In April 2007, Banco Compartamos of Mexico held a public offering of its stock in which insiders sold 30 percent of their holdings. The sale was over-subscribed by 13 times, and Compartamos was soon worth $1.6 billion (for details of the story, see Rosenberg, 2007; Malkin, 2008; Accion International, 2007). A month before the offering, the Economist (2007) had written: “Compartamos may not be the biggest bank in Mexico, but it could be the most important.” Compartamos’ claim to importance stems from its clients – not from their elite status, but from the opposite. The bank describes them as low-income women, taking loans to support tiny enterprises like neighborhood shops or tortilla-making businesses. The loans the women seek are small – typically hundreds of dollars rather than many thousands – and the bank requires no collateral.
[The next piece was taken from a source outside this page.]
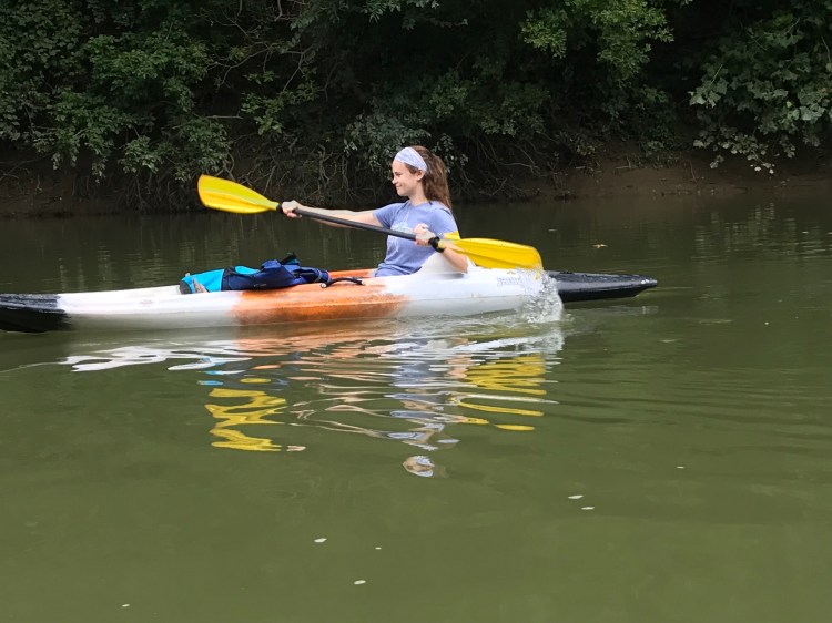 This past weekend Jeff and I had plans to go see a sunflower field in Deerfield township Ohio. Because we were driving an hour and a half to the Cincinnati area we decided to do a kayaking trip while we were there. We made reservations the day of at Loveland Canoe and Kayak. We paid $30 each to go on the “Castle” trip. It’s called the castle trip because it passes by a historic castle in Loveland which you can also take a tour of. The kayak company shuttled us to the beginning and after that we were on our own and kayaked 5 miles back to the outfitter. It was a very laid back trip! We could barely see the castle from the river but that was okay! It would’ve been cool to tour it but we didn’t have time. Turns out the sunflower field was no longer there but the kayaking was worth it! There were a few very small rapids along the river that were fun as well.

It is a version of “microfinance,” the idea associated with Muhammad Yunus and Grameen Bank of Bangladesh, winners of the 2006 Nobel Peace Prize. For Yunus, microfinance can unleash the productivity of cash-starved entrepreneurs and raise their incomes above poverty lines. It is a vision of poverty reduction that centers on self-help rather than direct income redistribution.